Adrenaline surged, drowning out the ache in my limbs. I dashed forward for a massive overhead swing. Mr. Ghale shifted his weight, his eyes reading the arc of my blade, preparing to parry.

At the last microsecond, I let go.

The wooden sword spun through the air—a blur of timber. Mr. Ghale's eyes widened. Thwack! The hilt caught him square in the chest.

He stumbled back, gasping. Silence fell over the yard.

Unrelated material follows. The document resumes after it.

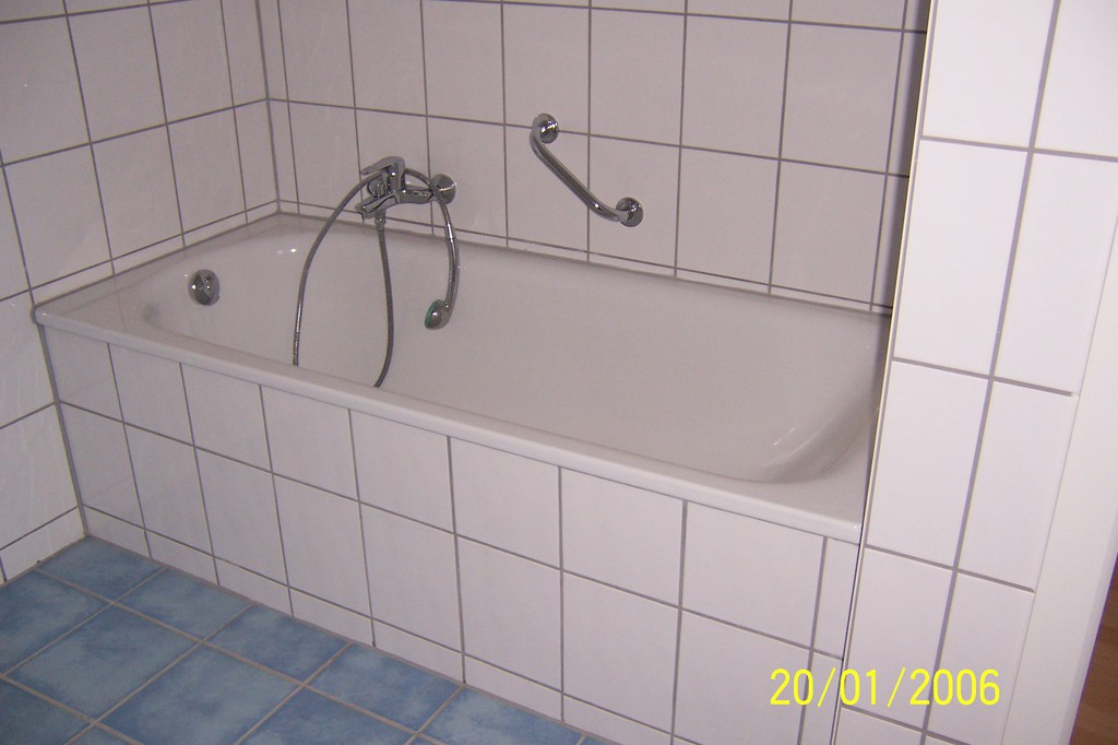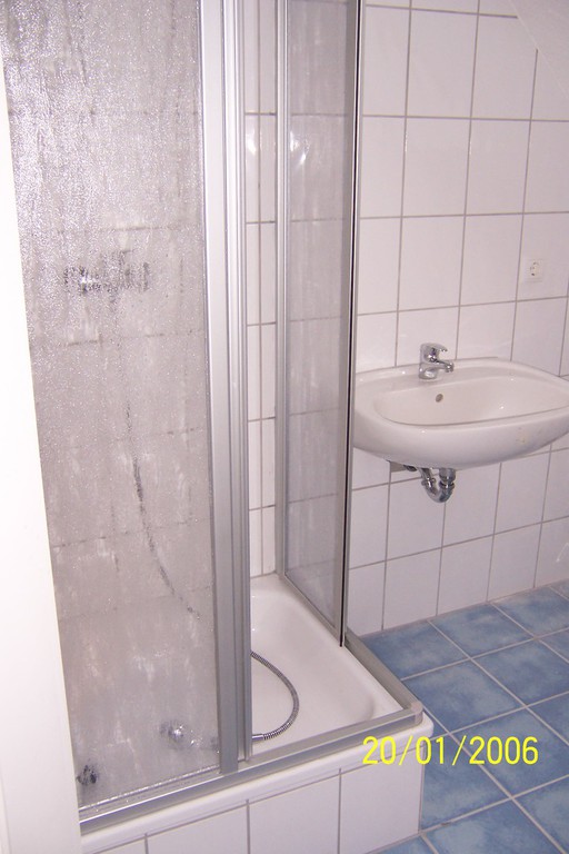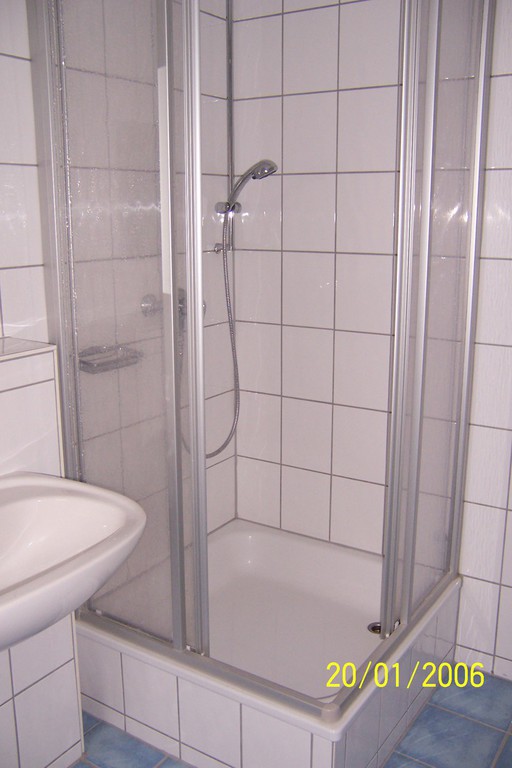 In jedem Stockwerk befindet sich ein eigenes Badezimmer mit WC und Dusche, im unteren Stockwerk zusätzlich mit Badewanne. Die komplette Wohnung ist mit Laminatboden und in den Badezimmern mit Fliesen ausgetattet.

"You... you passed, boy," he laughed, a booming sound that echoed through the trees. "You actually did it."

I wiped the sweat from my brow, a small smirk forming. I had won. But then, the air changed. Mr. Ghale's laugh turned jagged. It wasn't the laugh of a teacher anymore; it was the roar of a predator.

"Rest well, Sogha," he cackled, a chill running down my spine. "Because tomorrow... we find out if you can survive the real training."